Yoga can actually be quite intimidating if you are new to it, the therms and poses sounds SO complex, I mean you cannot even pronounce them!? However, we think that most of us are aware that the benefits from practising yoga are endless - so let's try to make sense of some of it! Start you day off with these simple exercises at home and we can promise you that you will feel the difference in your mind and body right away.
SUN SALUTATION A | SURYA NAMASKAR A
I am sure that most of us have heard about Sun salutations. If you have tried vinyasa yoga you have probably already done this exercise without even knowing it. Sun salutation A is also known as Surya namaskar A and this is the most basic sun salutation there is. So let's start your new morning routine with five rounds of sun salutation A.
1. MOUNTAIN POSE TO RAISED HANDS POSE
Start in mountain pose - stand at the top of the mat, with feet together and your arms along your sides or held together infront of your chest. Try to check in with your body and feel where you are today, be present and focus on your breathing throughout the movement. Inhale and lift your arms up over your head with your palms together, make sure that your shoulders are not coming up to your ears but staying down.
2. STANDING FORWARD BEND TO FLAT BACK
Exhale and fold forward over your legs, remember to keep a straight back and to bend from your hips and not your back, try to touch your nose to the knees. Try to come down with your hands as Tonje does above but this all depends on where you are today, it is ok if you are not there yet. Inhale and lift your head up to flat back, eyes forward and fingertips touching the mat.
3. PLANK POSITION
Exhale and jump or walk back to a plank position on straight arms. Try to hold your body straight on your toes and hands, gaze down into the mat.
4. FOUR LIMBED STAFF POSE TO UPWARD FACING DOG
Come down with your upper body towards the floor, elbows should be straight back and hugging close to your body. Inhale and roll over on to your toes to upward facing dog. Open up your chest to the ceiling, keep your shoulders over your wrists.
5. DOWNWARD FACING DOG TO STANDING FORWARD BEND
Go down to lay flat on the floor, press up to plank and raise your hips to the ceiling to a downward facing dog. Your legs and arms should be straight, gaze back. If your heels are not touching the floor don't worry about it - they will some day! Stay here for five breath circles. Exhale and jump or step forward to standing forward bend again.
6. RAISED HANDS POSE TO MOUNTAIN POSE
Inhale and come all the way back up with raised arms above your head, your gaze should be up toward your hands. Lower your hands and exhale in mountain pose. Repeat the flow five times.
5 SIMPLE YOGA EXERCISES TO DO AT HOME
Now we have awaken the body but let's add some simple exercises to stretch out our bodies before we head off to all of today's to-do:s!
Start on all fours, be sure that your hands are placed directly under your shoulders and your knees under your hips. Inhale and drop your belly towards the floor, your gaze should be up towards the ceiling, this is cow pose. Exhale and move into cat pose, draw your belly inwards toward your spine and round your back towards the ceiling. Inhale as you move into cow pose and exhale in cat pose - continue with the flow 5-20 times.
Benefits: Cat-cow warms up the body, stretches your back and neck.

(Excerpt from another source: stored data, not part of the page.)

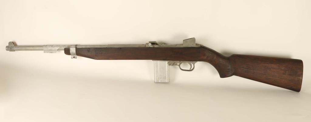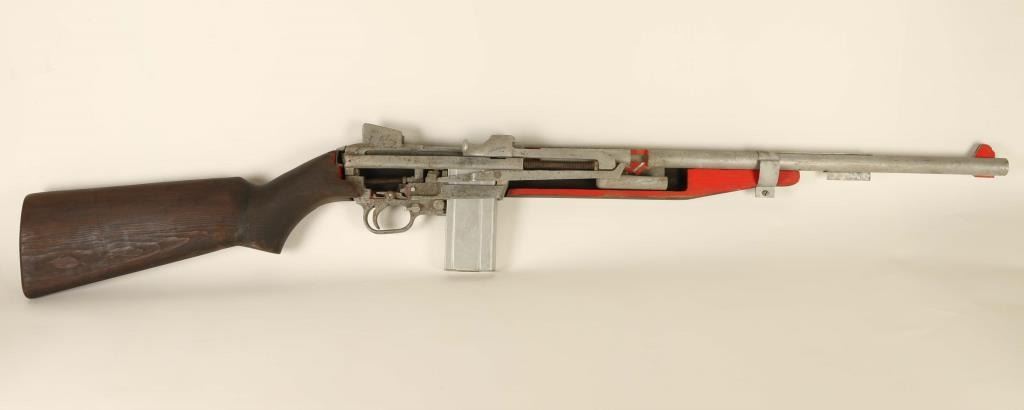 WWII era double size aluminum M2 Carbine cutaway training tool. Has a functioning action with selector switch, detachable magazine, and wood stock. Measures 71" long. Condition is Very Good.
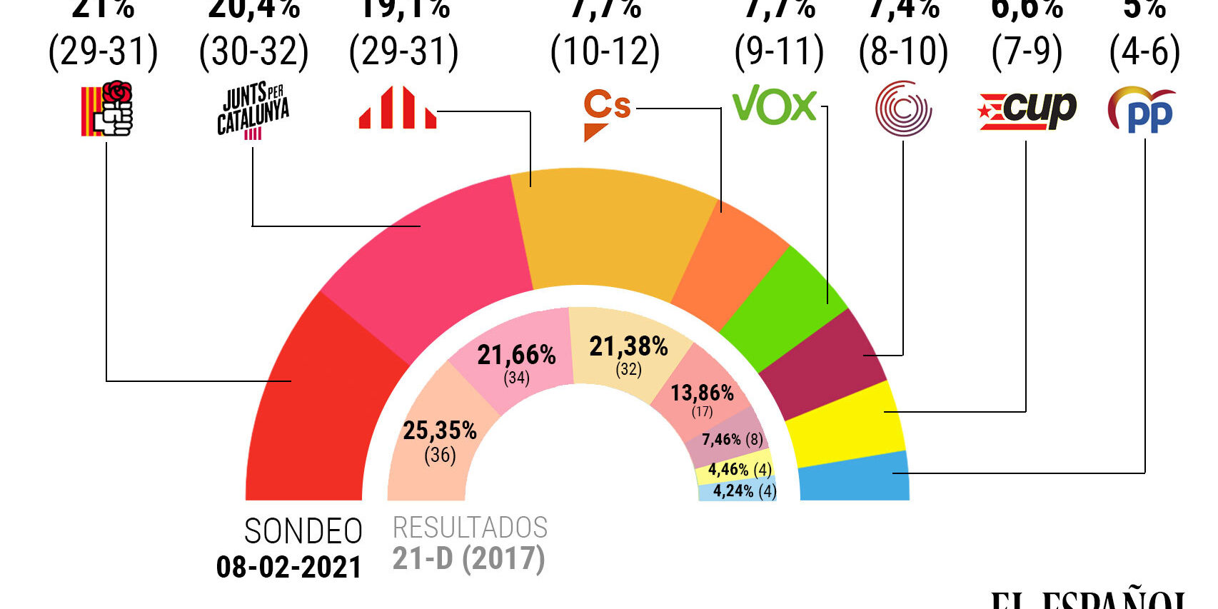 El PSC crece respecto a la encuesta publicada por este periódico la semana pasada. Junts afianza su ventaja sobre ERC. Noticia completa 8 febrero, 2021
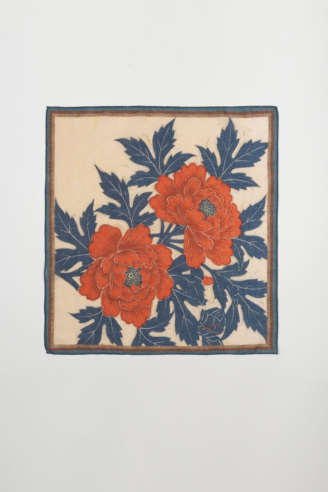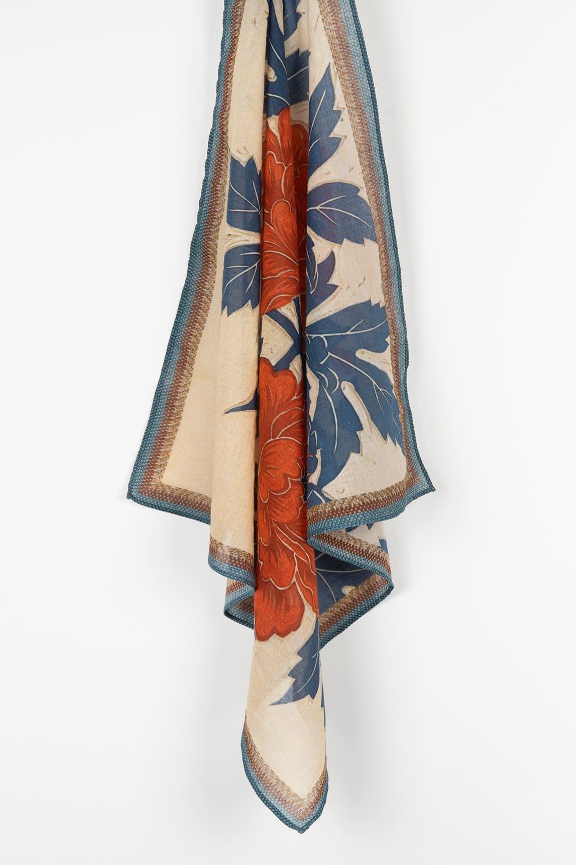 El pañuelo Azmira Azul combina un estampado de inspiración botánica con un marcado contraste entre azul profundo y naranja cálido sobre una base beige luminosa. Las hojas estilizadas y los trazos orgánicos aportan dinamismo, mientras que el borde en azul enmarca el diseño con elegancia.

You can start in downward facing dog, race your right leg straight up to one legged dog. Press your knee up towards your chest and very carefully fold your right foot towards your left hip. Use your hands to place the foot were it feels comfortable, keep your left leg straight back, open up your chest and stretch on straight arms. If it feels ok you can proceed and bend over to rest with your head on your hands. Take deep breaths.
Benefits: Great stretch for your seat and hips.
Lie down on your mat with your kness bent and feet hip-width apart on the floor. Your arms should be at your sides, palms facing the floor. Exhale as you press your hips up towards the ceiling, make sure that your knees don't fall out to the sides. If you want you can lock your hands, you should feel an extra stretch in your arms. Hold this position for one minute and don't forget to breath through it all. For an extra challenge you can raise a straight leg upwards, come down to rest and then repeat on the other side.
Benefits: Opens up your chest, heart and shoulders and stretches the spine, back, neck, thighs and hips.
KNEES INTO THE CHEST POSE
It is equally important to stretch your body as your mind so let's finish off with two favourite relaxation poses - don't skip this! It is the best part!! Lie down on the mat and pull your legs into your chest, close your eyes and breathe. Stay here for at least two minutes.
Benefits: Relaxes your back and mind.
Childs pose is an pose for rest, recovery and to find calmness. At any time through a yoga session you can always take a break and rest in childs pose for as long as you need. Let's stay here for at least 2 minutes before you go on with your day.
Benefits: Stretches hips, ankles and thighs, calms your mind and prevents stress and tiredness.